Running grep by opening Cygwin terminal via Microsoft Remote Desktop to Windows Server 1012 R2(same as natively?):
Administrator@MYSERV /cygdrive/d/bin/beta
$ time grep -inowf matchfile_431184247462809.temp infile_431184247462809.temp > delme
real 1m40.568s
user 1m40.405s
sys 0m0.140s
Exact same command, on same files, executed when connected via Cygwin SSH:
Administrator@MYSERV /cygdrive/d/bin/beta
$ time grep -inowf matchfile_431184247462809.temp infile_431184247462809.temp > delmessh
real 0m0.148s
user 0m0.140s
sys 0m0.000s
grep.exe executable is the same, the output file is the same, but the run time is split second vs. almost 2 minutes.
Given that cygwin SSH runs under special user setup, i tried to ssh localhost
on remote desktop; the runtime: 1 minute and 40 seconds.
Is there some logical or illogical explanation for this? Any settings that I can check on Windows Server 2012 that artificially suppress remote desktop processes?
Update:
running C:\cygwin\bin\grep.exe from Windows command line cmd
also is instant. So there is an issue with Cygwin terminal.
Update 2: I googled that having dead file shares in PATH can slow Bash terminal down. Contrary to my initial hope erasing $PATH variable did not do anything. I also do not have any dead links in PATH.

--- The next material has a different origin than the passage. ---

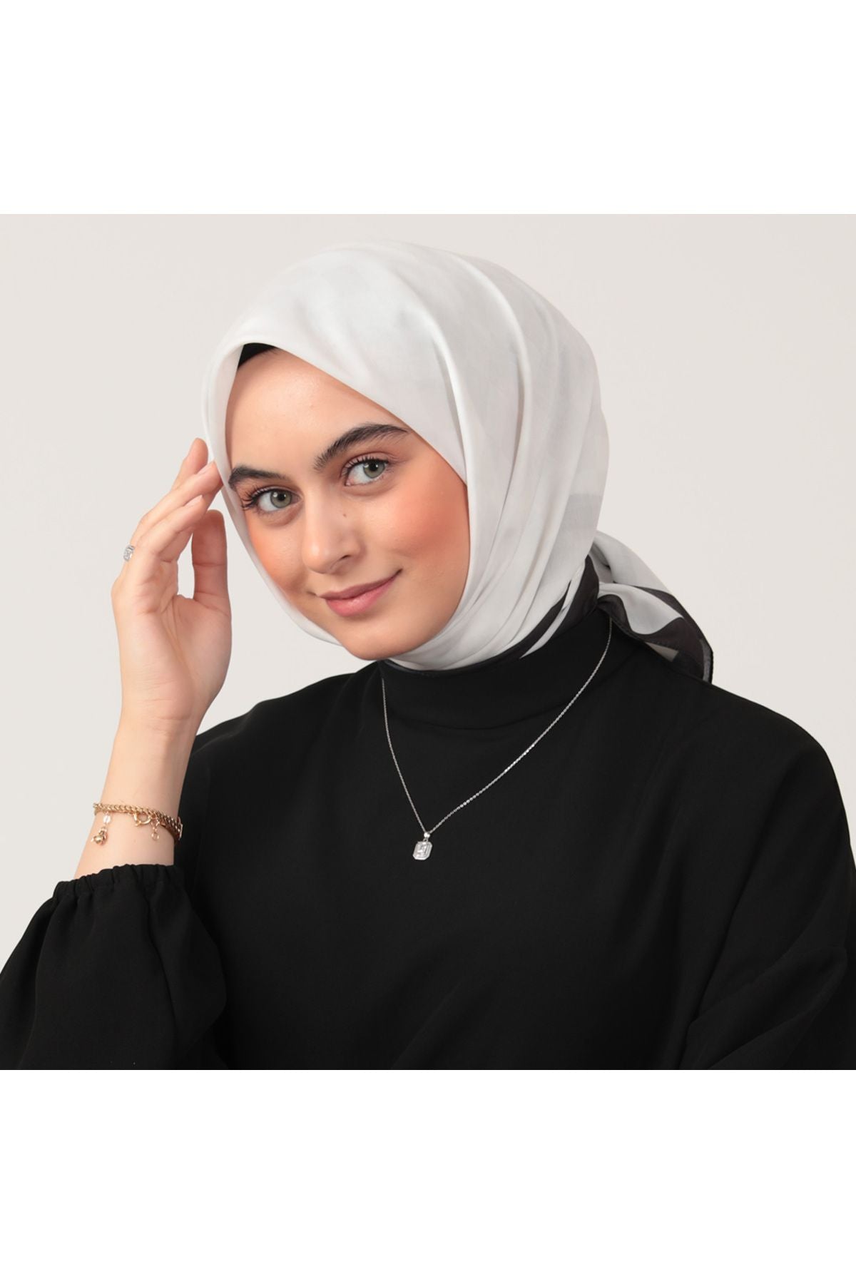 • Pamuk İpek Eşarp - Dama Desen - Beyaz

Solution, kudos to @Paul Haldane:
Grep seems to be thrown off by $LANG
value of en_US.UTF-8
, which is default in Cygwin. This hits regex performance especially hard. Running grep -F
was also slower but only by a factor of 4.
Here is a verification on a separate server:
$ echo $LANG
en_US.UTF-8
$ time grep -inowf matchfile_431184247462809.temp infile_431184247462809.temp > delme
real 1m56.425s
user 1m56.218s
sys 0m0.171s
$ LANG=''
$ time grep -inowf matchfile_431184247462809.temp infile_431184247462809.temp > delme2
real 0m0.286s
user 0m0.265s
sys 0m0.015s
$ diff delme delme2
** no difference **
Solution, kudos to @Paul Haldane:
Grep seems to be thrown off by $LANG value of en_US.UTF-8, which is default in Cygwin. This hits regex performance especially hard. Running grep -F was also slower but only by a factor of 4.
Here is a verification on a separate server:
For one ssh adds overhead because of the encryption but that doesn't explain the jump from seconds to minutes, what does explain is the fact that Cygwin emulates a Unix terminal and emulation is slow. You can find more details regarding this on Wikipedia https://en.wikipedia.org/wiki/Cygwin
That part explain it pretty well
The fork system call for duplicating a process is fully implemented, but it does not map well to the Windows API. For example, the copy-on-write optimization strategy could not be used.[5][6][7] As a result, Cygwin's fork is rather slow compared with Linux and others. (That overhead can often be avoided by replacing uses of the fork/exec technique with calls to the spawn functions declared in the Windows-specific process.h header).